We were also able to achieve an RMSE below 1.00 mm (around 0.50 mm) with the Photoneo PhoXi S using a sensor-based reference point cloud with a voxel grid of 1 mm. Overall, the Photoneo PhoXi S performed worse than the SICK TriSpector1030 but better than the Asus Xtion Pro Live. In general, the Asus Xtion Pro Live generated the worse results, with an RMSE always above 1 mm. This was mainly related to the lower quality of the captured point cloud, which had less accuracy and higher sensor noise.

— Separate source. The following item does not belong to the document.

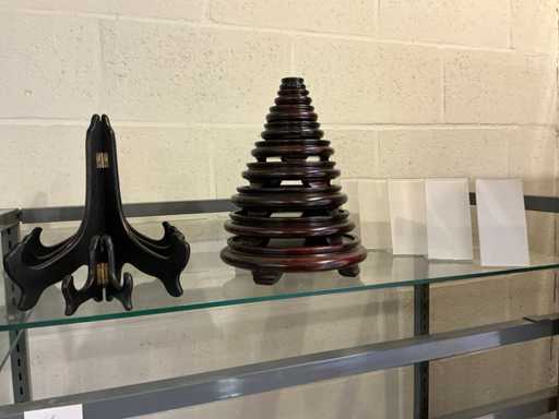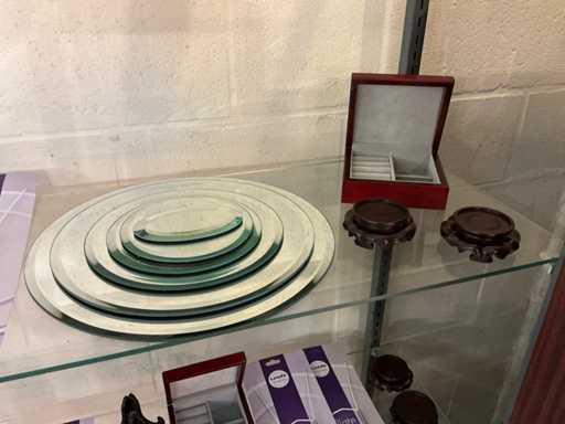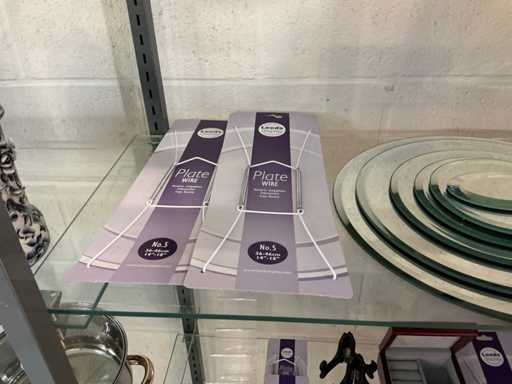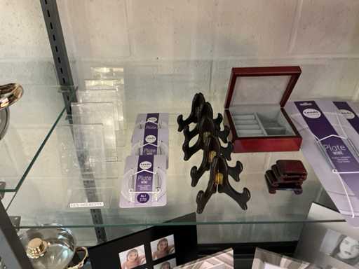 Avec 2 boîtes à bijoux, des montants en PVC et des cintres de plaques de différentes tailles, des étagères miroirs, des supports pour assiettes, des piédestaux de différents diamètres

The lower RMSE achieved by the SICK TriSpector1030 was likely due to the usage of camera lens filters that block all light with the exception of light frequencies associated with the laser line. This way, the SICK TriSpector1030 will have better repeatability since the camera sensor will have less pixel noise when compared with the other two sensors, which capture light from a much wider frequency range. On the other hand, by being a line triangulation system, SICK can also employ subpixel algorithms to estimate the center of the detected laser line, further increasing its precision and repeatability.

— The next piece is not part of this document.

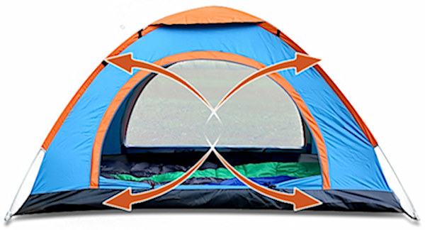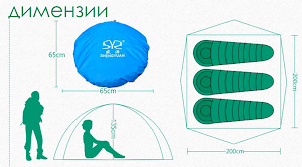 Во шаторот комотно може да се сместат и спијат три возрасни особи или двајца возрасни и две деца.

The time needed to process the registration and pose estimation was lower when using a bigger voxel grid (5 mm) since the point cloud was less dense (had fewer points), when compared with a point cloud generated with a smaller voxel grid (1 mm). Additionally, due to the usage of voxel grids, the density of the point clouds from each sensor was similar, which resulted in similar processing times. When considering a smaller voxel grid, there was a noticeable difference in the processing time since the density of the point clouds was higher, with a processing time proportional to the number of points registered. As described in
Table 2 and
Table 3, the processing time was higher when using the Photoneo PhoXi S sensor because the raw point clouds from this sensor had much higher number of points than the other sensors.